Hundreds human lives saved during the use of antibiotics in medical practice. The discovery of penicillin made it possible to easily save people from diseases that until the beginning of the 20th century were considered incurable.

Medicine before the invention of penicillin

For many centuries, medicine was unable to save the lives of all sick people. The first step towards a breakthrough was the discovery of the fact about the nature of the origin of many ailments. It's about that most diseases arise from the destructive effects of microorganisms. Quite quickly, scientists realized that they could be destroyed with the help of other microorganisms that exhibit a “hostile attitude” towards pathogens.

In the course of their medical practice, several scientists came to this conclusion back in the 19th century. Among them was Louis Pasteur, who discovered that the action of certain types of microorganisms leads to the death of bacilli. But this information was not enough. It was necessary to find specific effective ways to solve the problem. All attempts by doctors to create a universal medicine ended in failure. And only pure chance and a brilliant guess helped the scientist who invented penicillin.

Useful properties of mold

It's hard to believe that the most common mold has bactericidal properties. But this is true. After all, this is not just a greenish-gray substance, but a microscopic fungus. It arises from even smaller embryos that float in the air. In conditions of poor air circulation and other factors, mold forms from them. Penicillin had not yet been discovered, but in the writings of Avicenna in the 11th century there are references to the treatment of purulent diseases with the help of mold.

Dispute between two scientists

In the 60s of the 19th century, Russian doctors Alexey Polotebnov and Vyacheslav Manassein seriously argued. The issue at issue was mold. Polotebnov believed that it is the ancestor of all microbes. Manassein insisted on the opposite point of view, and to prove his case, he conducted a series of studies.

He observed the growth of mold spores that he sowed into the growing medium.
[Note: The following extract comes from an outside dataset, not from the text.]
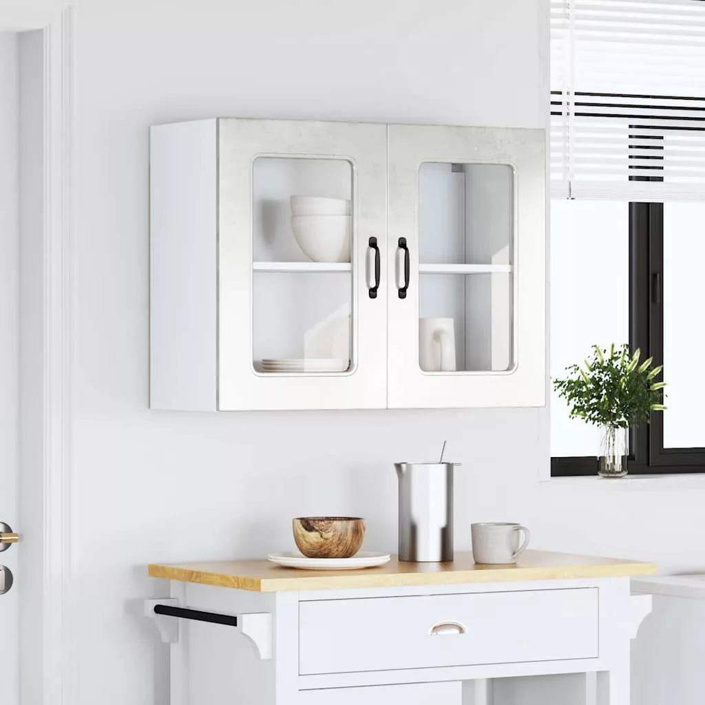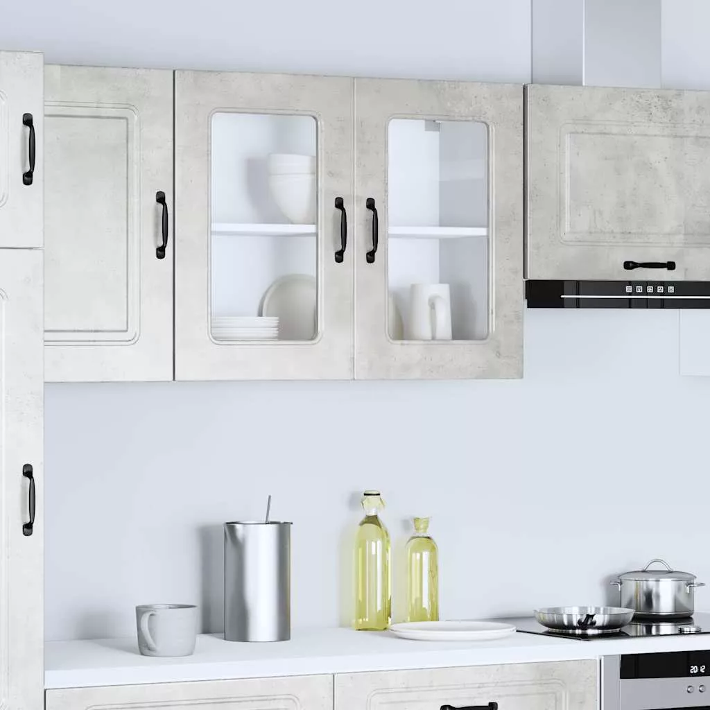 Konyhai fali szekrény üvegajtóval Kalmar beton szürke műfa

As a result, V. Manassein saw that the development of bacteria did not occur precisely at the sites of mold growth. His opinion has now been confirmed experimentally: mold does indeed block the growth of other microorganisms. His opponent admitted the fallacy of his statement. Moreover, Polotebnov himself began to closely study the antibacterial properties of mold. There is evidence that he even successfully used them in the treatment of poorly healing skin ulcers. Polotebnov devoted several chapters of his scientific work description of the properties of mold. There, the scientist recommended using these features in medicine, in particular, for the treatment of skin diseases. But this idea did not inspire other doctors and was unfairly forgotten.

Who invented penicillin

This merit belongs to the medical scientist Alexander Fleming. He was a professor in the laboratory of St. Mary of the city of London. Its main theme scientific activity- this is the growth and properties of staphylococci. He discovered penicillin by accident. Fleming was not famous for being particularly careful; quite the contrary. One day, after leaving unwashed cups with bacterial cultures on the work table, a few days later he noticed mold that had formed. He was interested in the fact that the bacteria in the space around the mold were destroyed.

Fleming gave the name to the substance secreted by mold. He called it penicillin. After conducting a large number of experiments, the Scientist became convinced that this substance could kill different types of pathogenic bacteria.
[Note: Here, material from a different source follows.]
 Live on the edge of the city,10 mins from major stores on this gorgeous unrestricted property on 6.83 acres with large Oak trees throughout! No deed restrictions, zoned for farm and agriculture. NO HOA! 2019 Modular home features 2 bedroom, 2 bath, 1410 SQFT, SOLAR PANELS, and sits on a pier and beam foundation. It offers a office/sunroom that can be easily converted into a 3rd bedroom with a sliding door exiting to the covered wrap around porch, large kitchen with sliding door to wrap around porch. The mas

In what year was penicillin invented? In 1928, Alexander Fleming's powers of observation gave the world this miraculous substance at that time.
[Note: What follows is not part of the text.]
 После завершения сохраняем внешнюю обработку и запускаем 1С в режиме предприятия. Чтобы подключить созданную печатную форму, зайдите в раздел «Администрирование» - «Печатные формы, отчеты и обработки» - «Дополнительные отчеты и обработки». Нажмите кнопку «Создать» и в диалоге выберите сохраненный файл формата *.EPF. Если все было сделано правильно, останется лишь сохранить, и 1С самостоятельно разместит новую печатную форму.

Production and Application

Fleming was unable to learn how to obtain penicillin, so at first practical medicine was not very interested in his discovery. Those who invented penicillin as a medical drug were Howard Florey and Chain Ernst. They, together with their colleagues, isolated pure penicillin and created the world's first antibiotic based on it.

In 1944, during World War II, scientists in the United States were able to industrially produce penicillin. Testing the drug took a little time. Almost immediately, penicillin was used by the Allied armed forces to treat the wounded. When the war ended, US civilians were also able to purchase the miracle drug.

Everyone who invented penicillin (Fleming, Flory, Chain) became owners Nobel Prize in medecine.

Penicillin: history of discovery in Russia

When the Great Patriotic War was still ongoing, J.V. Stalin made numerous attempts to purchase a license for the production of penicillin in Russia. But the United States behaved ambiguously. First, one sum was named, it must be said, astronomical. But later it was increased two more times, explaining these increases by incorrect initial calculations. As a result, the negotiations were unsuccessful.

There is no clear answer to the question of who invented penicillin in Russia. The search for methods for producing analogues was entrusted to microbiologist Zinaida Ermolyeva. She was able to obtain a substance that was later named crustozin. But in terms of its properties, this drug was much inferior to penicillin, and the production technology itself was labor-intensive and expensive.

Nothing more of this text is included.